Meta's decision to lay off 8,000 workers to offset AI investments while potentially redirecting another 7,000 toward AI-related roles is the largest in a brutal series of tech company layoffs over the past month. Layoffs have exceeded 20,000 in every month of 2026 so far except April.

The figures come from TrueUp, which aggregates layoff reports from tech companies and estimates totals for each month. May is shaping up to be one of the worst months of the past year, a high threshold.

Meta is attempting to reduce labor costs as it prepares to spend over $100 billion in 2026 on AI data centers and related hardware. At the same time, the company aims to train its AI systems by monitoring employees' workstation activity, which some of them have described as "incredibly demoralizing."

Although TrueUp's graph also shows a large block of layoffs from PayPal, it remains unclear how many, if any, will occur in May. Sources recently told the Wall Street Journal that, like Meta, PayPal aims to eliminate about 20% of its workforce over the next two to three years, which could amount to 4,760 workers.

Cisco also recently announced around 4,000 layoffs. CEO Chuck Robbins framed the number as optimistically low, stating that the company is investing in AI infrastructure to avoid being left behind in the rush to adopt the technology.
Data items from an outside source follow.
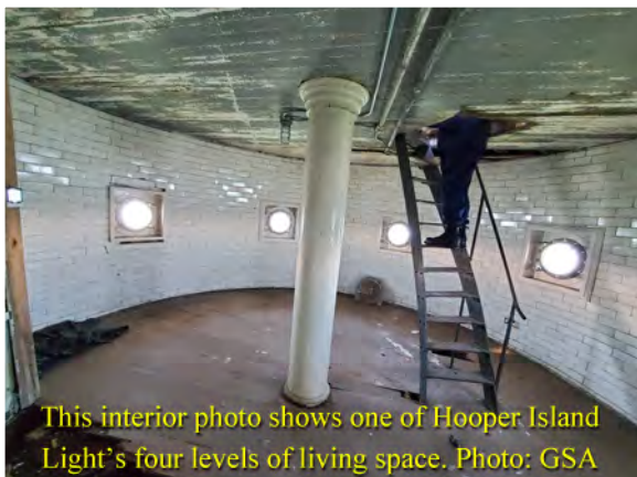
This interior photo shows one of Hooper Island Light's four levels of living space.

There is some fine print to the purchase of the lighthouse. The buyer gets the structure, but the underlying submerged land does not convey in the sale—it remains with the U.S. government per a cession deed from 1924.
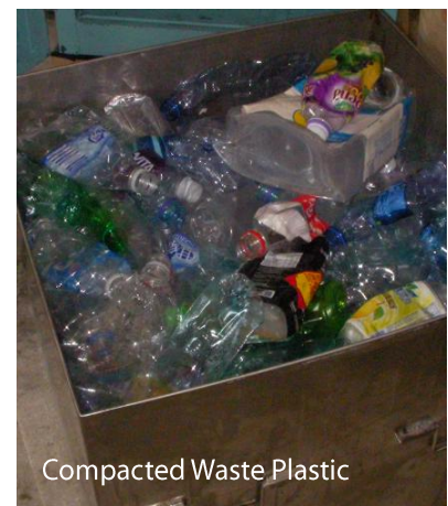
Compacted Waste Plastic
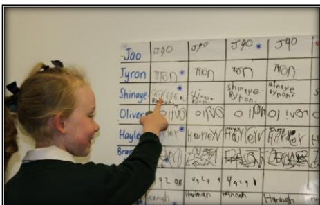
Students use work samples to select quality writing

2. Teachers identify the needs of every student.
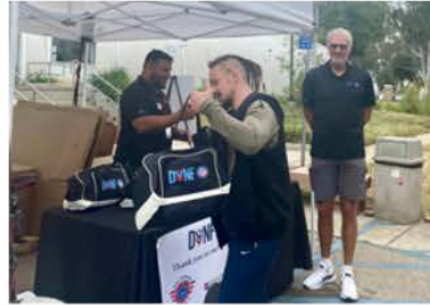
Care packages and hygiene bags distributed by the Disabled Veterans National Foundation (DVNF)
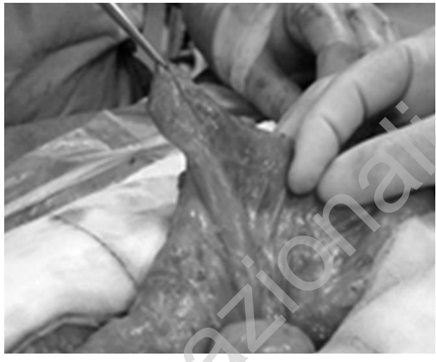
Fig. 2 - Intraoperative picture of a diverticulum causing bowel intussusception on the Roux loop.

Cast, stones and sludge complicate about 6% of OLTs in the largest series, being associated mostly with anastomotic or non-anastomotic strictures (1, 2). All factors causing increased bile viscosity, reduced flow and biliary epithelial damage can be responsible for precipitation of lithogenic materials, but pathogenic mechanisms have not yet been exactly clarified. A wide range of risk factors have been hypothesized, including the presence of
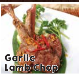
Garlic Lamb Chop
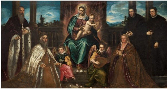
Jacopo Tintoretto Venetian, 1518 or 1519 - 1594
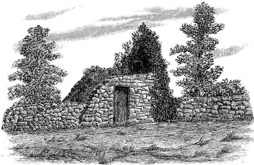
RUINS OF THE ORIGINAL, EDGAR HOUSE.
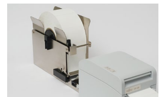
<FP-32L with roll paper unit>

“Roll Paper Unit”(option) can help to print for roll paper with big diameter up to 200mmΦ.
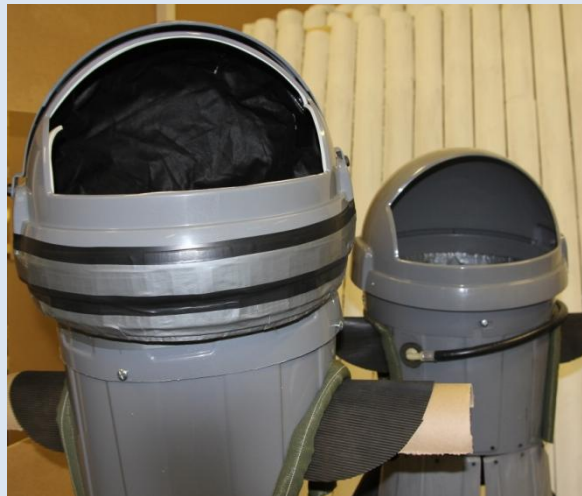
Space suit helmets (under construction)
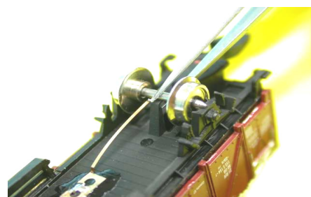
figure 4: Pushing the axle into the clamp with the help of some tweezers.
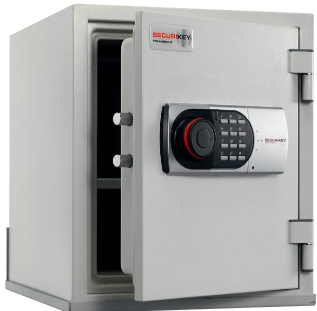
Fire Vault 1
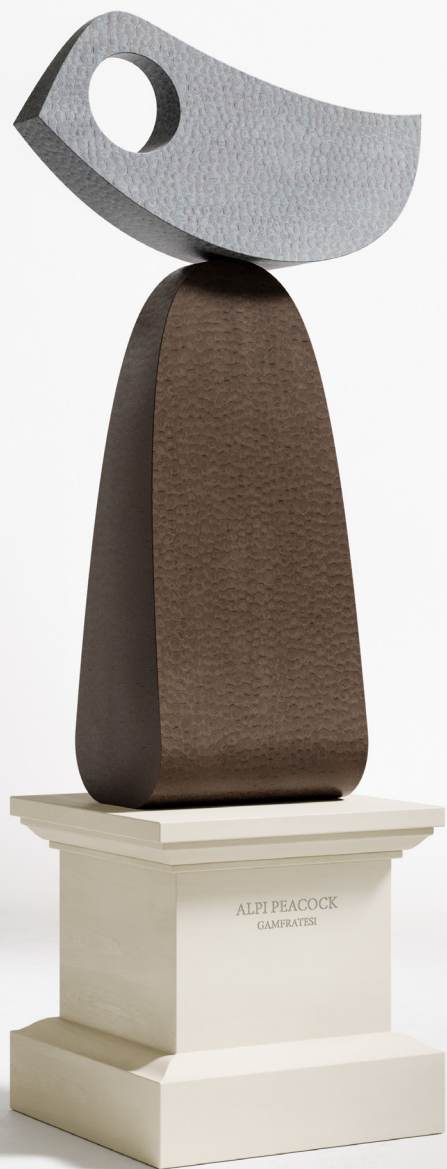
ALPI Peacock Brown / ALPI Peacock Grey design GamFratesi
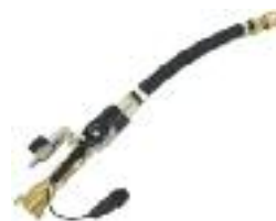
Automatic injection lance
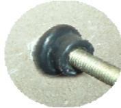
Synthetic Rubber Sleeve

Synthetic Rubber Sleeve with Brass Threaded Insert. Suitable for use in most hollow materials and occasional use in solid materials
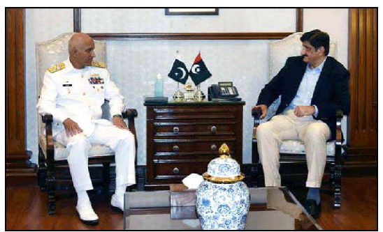
KARACHI: Sindh Chief Minister Syed Murad Ali Shah exchanges views with Chief of the Naval Staff Pakistan Admiral Muhammad Amjad Khan Niazi at CM House.

He said the entire nation stands in solidarity with the families of the martyrs and the injured.
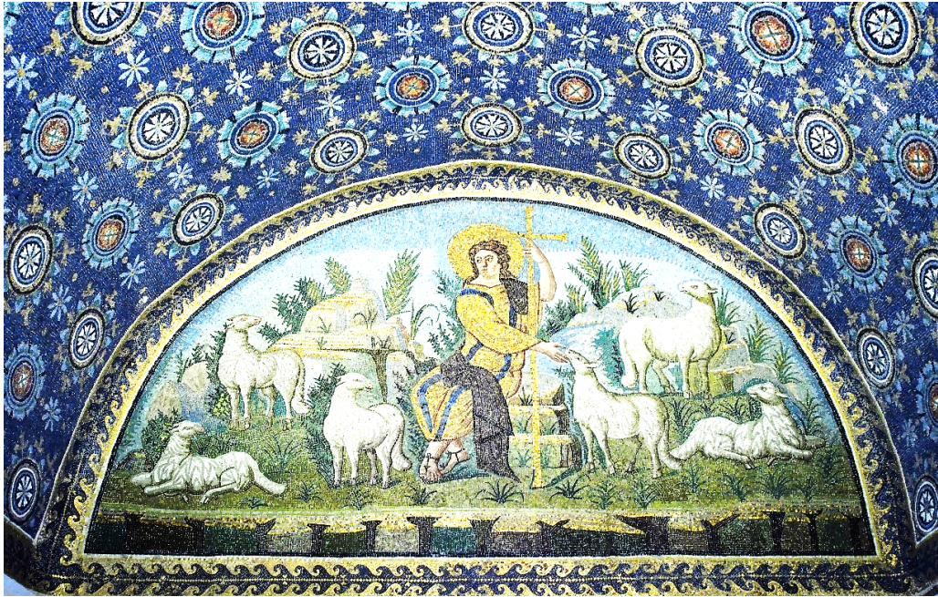
'Mosaic of the Garden of Eden and Christ the Good Shepherd' at the Mausoleum of Galla Placidia in Ravenna, Italy'

This season of Lent has been a time of preparation in our spiritual journey with Christ towards Good Friday and the joy of Easter Sunday. As we arrive on Monday of Holy Week, we are given a particular time to listen to God, as did those early writers; to look at the choices we make, and to be filled with the wonder of creation which is especially beautiful in the spring.

Meanwhile, Intuit cut 3,000 jobs – 17% of its global workforce – to streamline its operations as it adopts AI, though it claims the layoffs are "not about AI." Affected employees will receive 16-week severance packages and other benefits.

While AI appears to be behind most of the job losses, industry insiders suggest that overhiring and resizing are also significant factors. Some of the latest reports, which do not yet contain solid numbers, also indicate that difficulties in video game development are contributing to the current wave.

Quantic Dream recently announced around 95 layoffs following the cancellation of Spellcaster Chronicles, a failed MOBA whose servers will shut down on June 19. Bungie might also be planning significant layoffs after confirming that Destiny 2's June 9 update will be the game's last. Destiny 3 is not currently in development.

TrueUp projects that tech sector layoffs in 2026 could reach 370,000, significantly exceeding the previous two years. Layoffs reached 430,000 in 2023.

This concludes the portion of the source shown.